Nitric oxide is a crucial mediator of several forms of glomerulonephritis. We examined the effects of NO on the mRNA expression pattern in glomerular mesangial cells by using a low‐stringency reverse transcriptase‐polymerase chain reaction method and detected a cDNA fragment that was induced by interleukin 1β (IL‐1β) and further up‐regulated by the NO donor diethylenetriamine‐nitric oxide (DETA‐NO). Each respective cDNA fragment was found to match with the cDNAs of rat macrophage inflammatory protein 2 (MIP‐2) and GRO/cytokine‐induced neutrophil chemoattractant 2β (CINC‐2β). Further characterization of MIP‐2 regulation by Northern blot analysis confirmed an NO‐ and IL‐1β‐dependent increase in MIP‐2 mRNA levels. Moreover, inhibition of IL‐1β‐induced endogenous NO formation by the NO‐synthase (NOS) inhibitor L‐NMMA markedly attenuated MIP‐2 protein expression. We cloned 770 bp of the 5′‐flanking region of rat MIP‐2 and fused this fragment to a luciferase reporter gene. Transfection of the construct into mesangial cells resulted in a 3.5‐fold increase in luciferase activity in cells treated with DETA‐NO when compared to controls, suggesting a transcriptional mechanism for NO‐induced MIP‐2 expression. Deletion and mutational analysis identified critical nuclear factor (NF)‐κB and NF‐IL‐6 binding sites required for NO regulation of MIP‐2. In vivo, inhibition of NO synthesis in the Thy‐1.1 model of mesangioproliferative glomerulonephritis by the specific inducible‐NOS inhibitor L‐NIL resulted in a marked reduction of MIP‐2 mRNA expression. Furthermore, infiltration of neutrophils into the glomerulus was dramatically attenuated in L‐NIL‐treated rats.

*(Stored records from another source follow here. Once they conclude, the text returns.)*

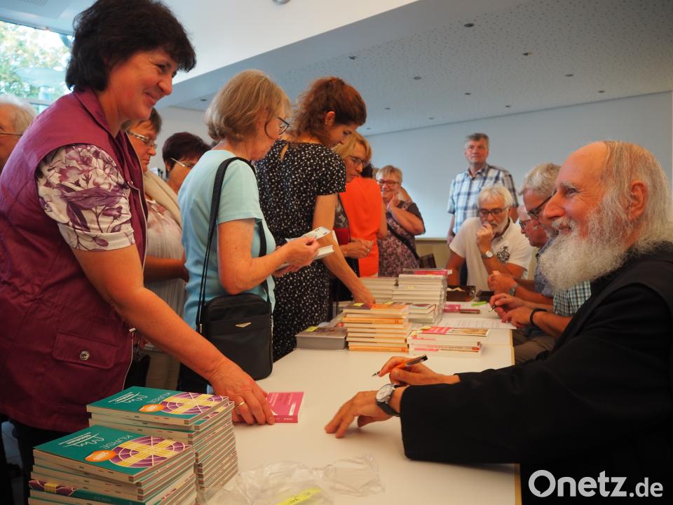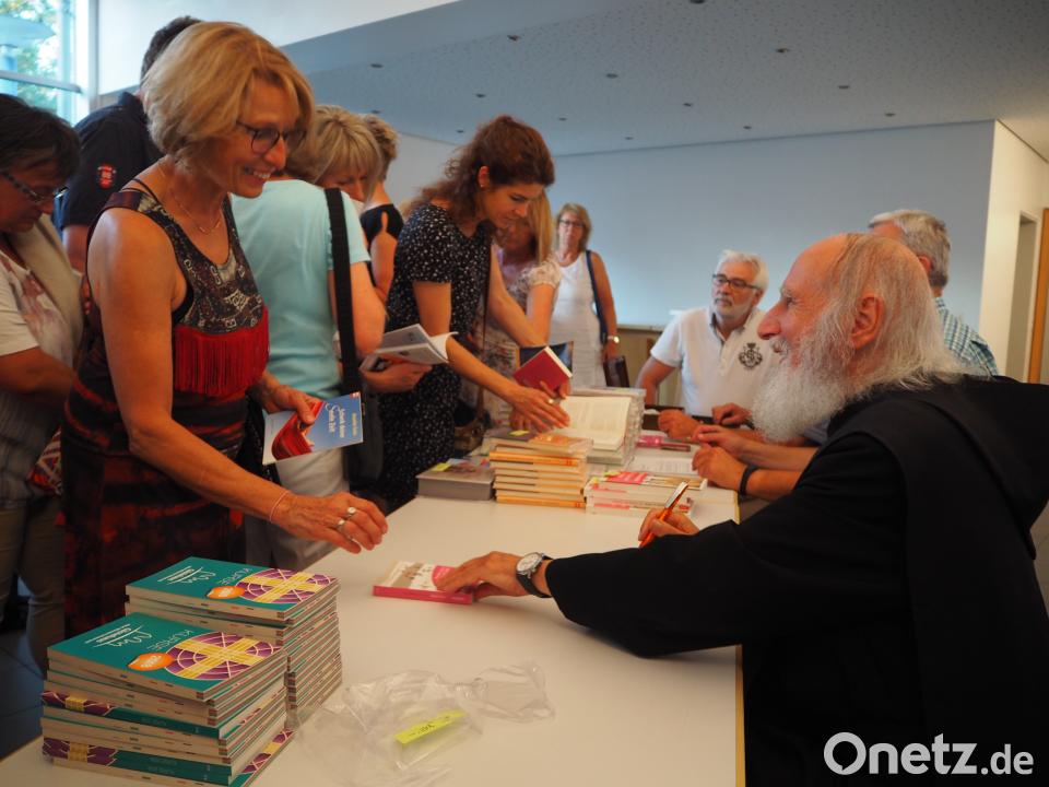 Nach etwa einer Stunde freiem Vortrag hatten die über 200 Gäste keine Fragen mehr. So konnte Pater Anselm nach einigen nachdenklichen Vergleichen in seinem Abendritual ein Abendgebet sprechen, das schon über 1600 Jahre alt ist: „Herr, kehre ein in dieses Haus und lass deine heiligen Engel darin wohnen. Sie mögen uns in Frieden behüten. Und dein heiliger Segen sei für alle Zeit über uns und um uns und in uns. So bitten wir in Christus unserem Herrn, Amen.“ Gerne signierte er anschließend einige seiner zahlreichen Bücher.
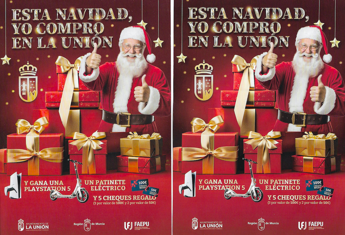 La campaña, que se desarrolla hasta el 3 de enero, le dareá la opción de tener buenos regalos a aquellos que efectúen compras por un importe igual o superior a 10 euros en los comercios del municipio adheridos a esta campaña, cuyo lema es: 'Esta Navidad, yo compro en La Unión'. Los premios son una videoconsola Playstation 5, un patinete eléctrico, tres cheques regalo por valor de 100 euros y dos cheques regalo por valor de 50 euros. El sorteo se llevará a cabo el 4 de enero, a las 18 horas, en la plaza de Joaquín Costa coincidiendo con la degustación del Roscón de Reyes.
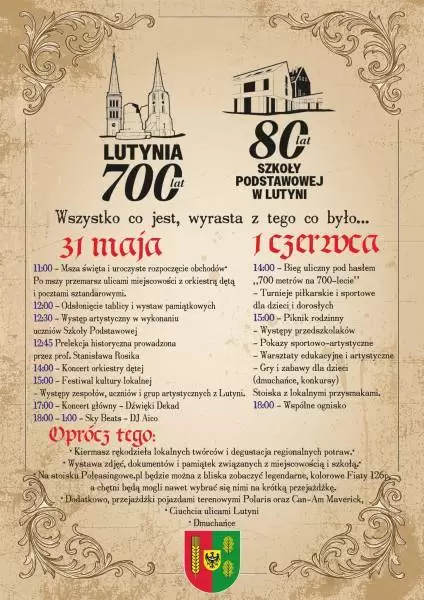 Już 31 maja i 1 czerwca czeka nas wyjątkowy weekend pełen atrakcji z okazji 700-lecia miejscowości Lutynia i 80-lecia Szkoły Podstawowej w Lutyni.
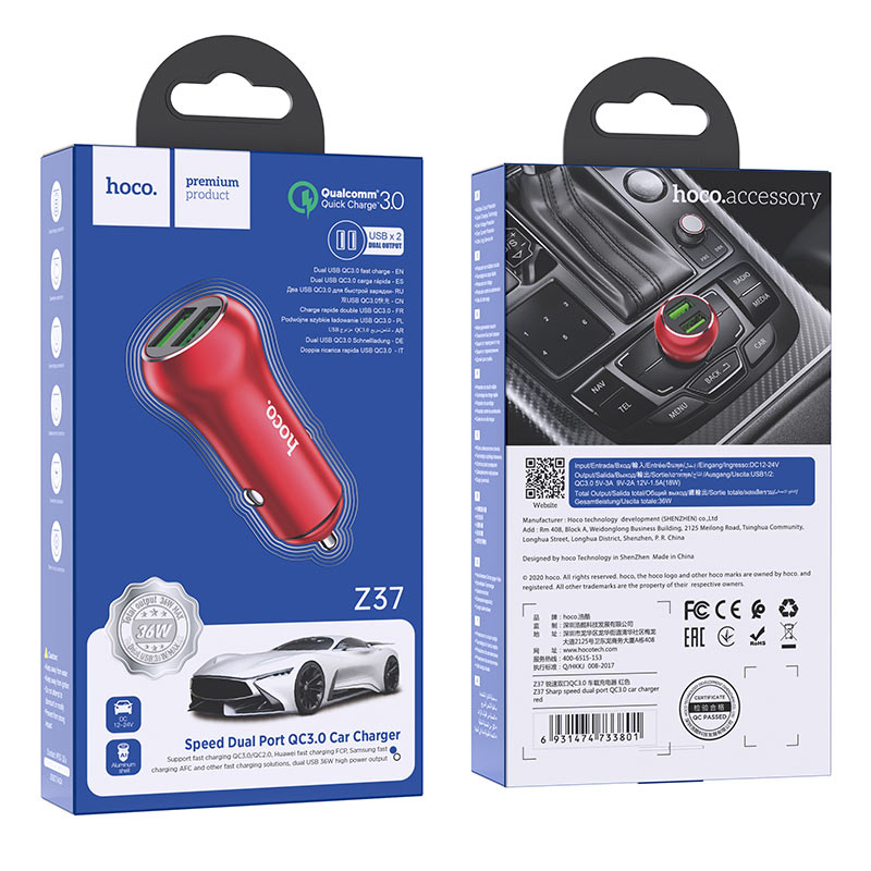 Блок питания автомобильный 2 USB HOCO, Z37 QC3.0, 3000mA, цвет: красный (1/12/120) (арт. 6931474733801)
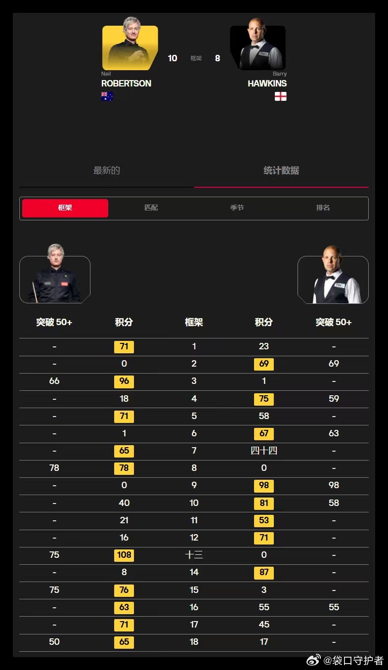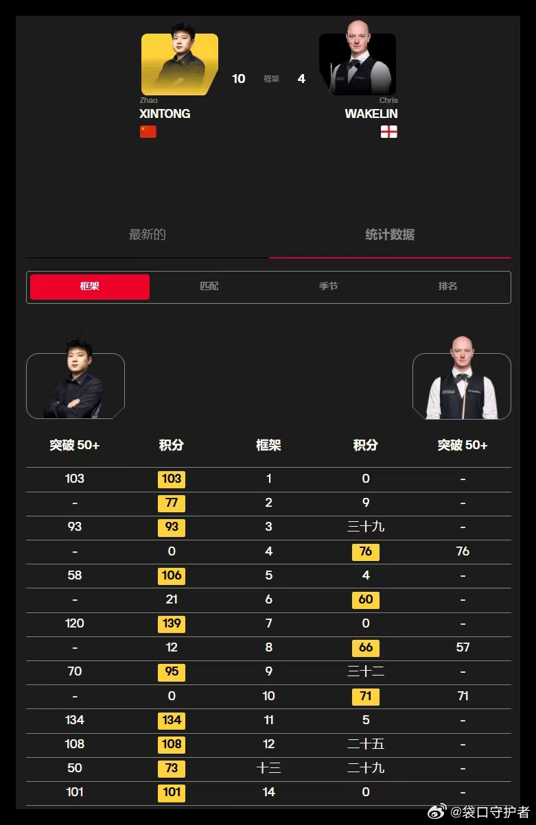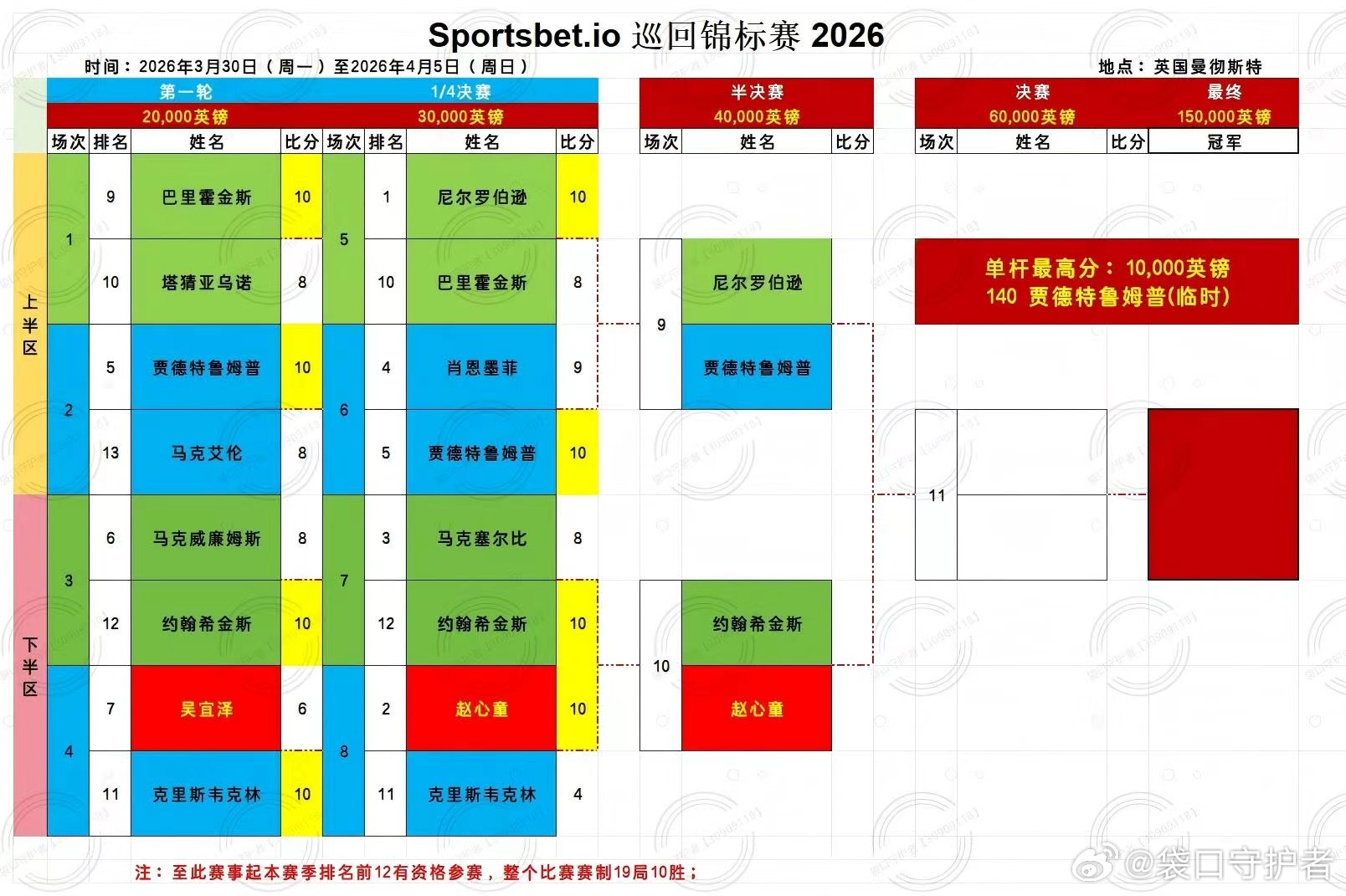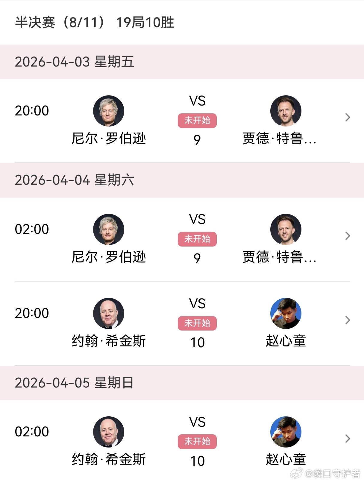 2026斯诺克巡回锦标赛第五天半决赛( 赛制11局10胜)2026.4.3日 星期四五20:00 直播: 贾德特鲁姆普VS尼尔罗伯逊 第一阶段2026.4.4日 星期六20:00 直播: 赵心童V约翰希金斯 第一阶段2026.4.5日 星期日2:00 直播:赵心童V约翰希金斯 第二阶段

Potentiation of nitric oxide synthase expression by superoxide in interleukin 1β-stimulated rat mesangial cells

Exposure of mesangial cells to superoxide, generated by the hypoxanthine/xanthine oxidase system or by the redox cycler 2,3‐dimethoxy‐1,4‐naphthoquinone caused a concentration‐dependent amplification of interleukin (IL)‐1β‐stimulated nitrite production. The effect of superoxide was accompanied by an increase in inducible nitric oxide synthase (iNOS) protein and iNOS mRNA levels. Incubation of mesangial cells with superoxide alone did not induce iNOS expression. To elucidate whether the increase of iNOS expression is due to transcriptional upregulation we fused a 4.5‐kb genomic iNOS fragment that contains the transcriptional start site of the rat iNOS gene to a luciferase reporter gene. In transient transfection studies, superoxide caused a 10‐fold augmentation of iNOS promoter activity in IL‐1β‐challenged mesangial cells. Our data identify superoxide as a co‐stimulatory factor amplifying cytokine‐induced iNOS gene expression and subsequent nitric oxide (NO) synthesis.